PROJECT OUTCOMES REPORT

Disclaimer

This Project Outcomes Report for the General Public is displayed verbatim as submitted by the Principal Investigator (PI) for this award. Any opinions, findings, and conclusions or recommendations expressed in this Report are those of the PI and do not necessarily reflect the views of the National Science Foundation; NSF has not approved or endorsed its content.

Traditional computing relies on sequential processing of machine instructions which forms the basis for computing in every aspect of our lives.  Further speeding up the execution of programs requires the use of parallelism and parallel execution of programs under the sequential execution model requires an extensive effort to develop and tune parallel programs, which are more prone to bugs and failures.  

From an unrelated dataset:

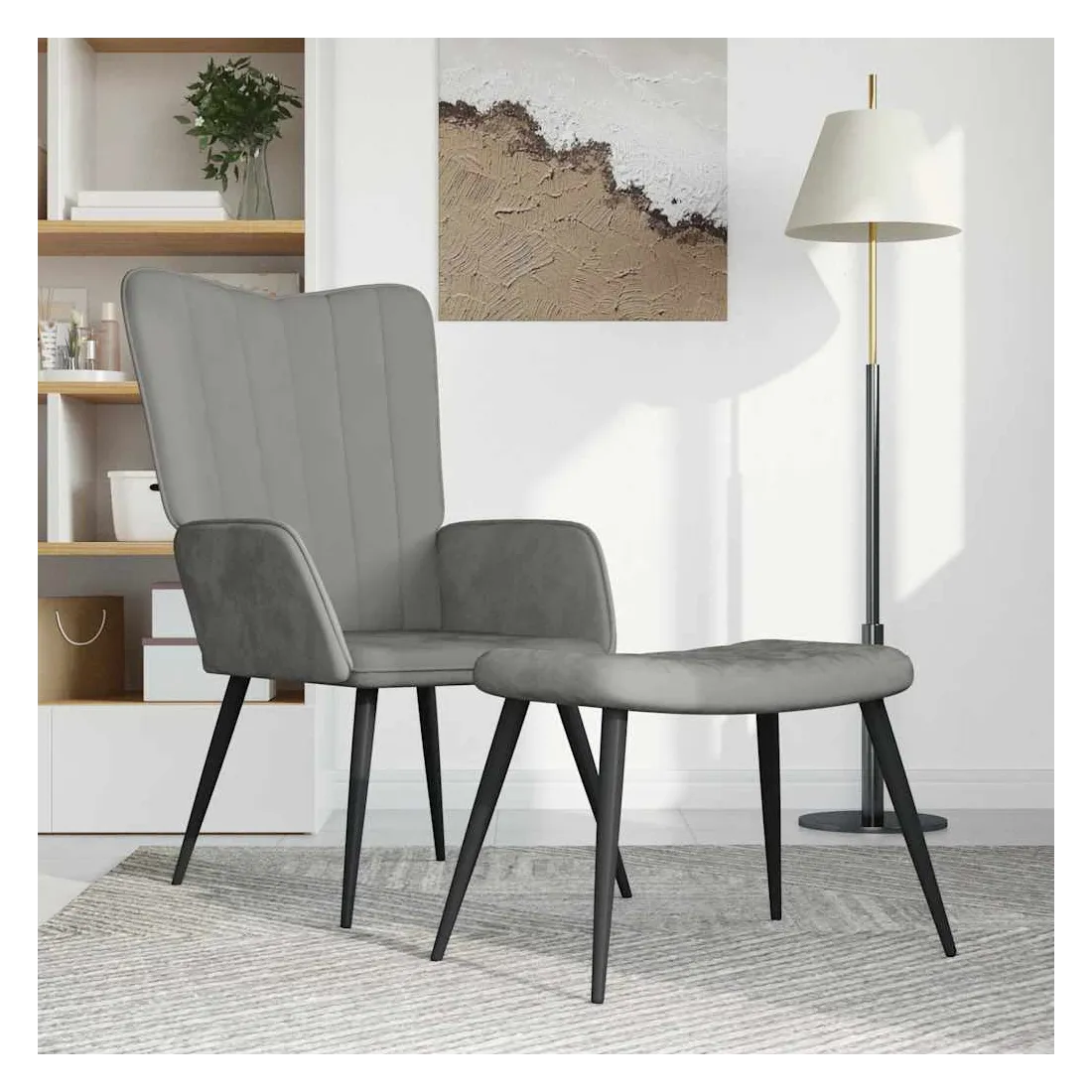 Cette chaise de relaxation avec repose-pied est un excellent supplément à votre décor existant. Ce fauteuil, avec quelques lignes sur son dossier, est esthétique. Grâce à sa mousse capitonnée recouverte de velours doux au toucher, vous pourrez profiter d'un confort optimal pendant votre temps d'assise. Soutenu par un cadre en acier, le fauteuil de relaxation avec repose-pied est stable et durable.

The goal of the project is to develop an alternative execution model called demand-driven execution of imperative programs. In this model, programs are automatically translated to an internal representation which permits executing them starting with their outputs progressing towards their inputs and computing only what is necessary and automatically in parallel. Our project has developed the model, and developed the compiler technology to convert imperative programs written in a conventional imperative programming language, such as C or C++. We have also developed the processor designs which can efficiently execute the transformed programs.

Since such a drastic change in program execution model requires the entire software stack to be developed, we cannot claim immediate and wide-spread use of this technology at this point. However, our project has demonstrated that we can automatically transform programs into this new paradigm and develop processors which can efficiently execute these programs. Further work on this approach may potentially provide significant speed-ups compared to conventional computing. Attached grpahs show the performance of our approach for a limited set of Livermore kernels which our compiler can compile.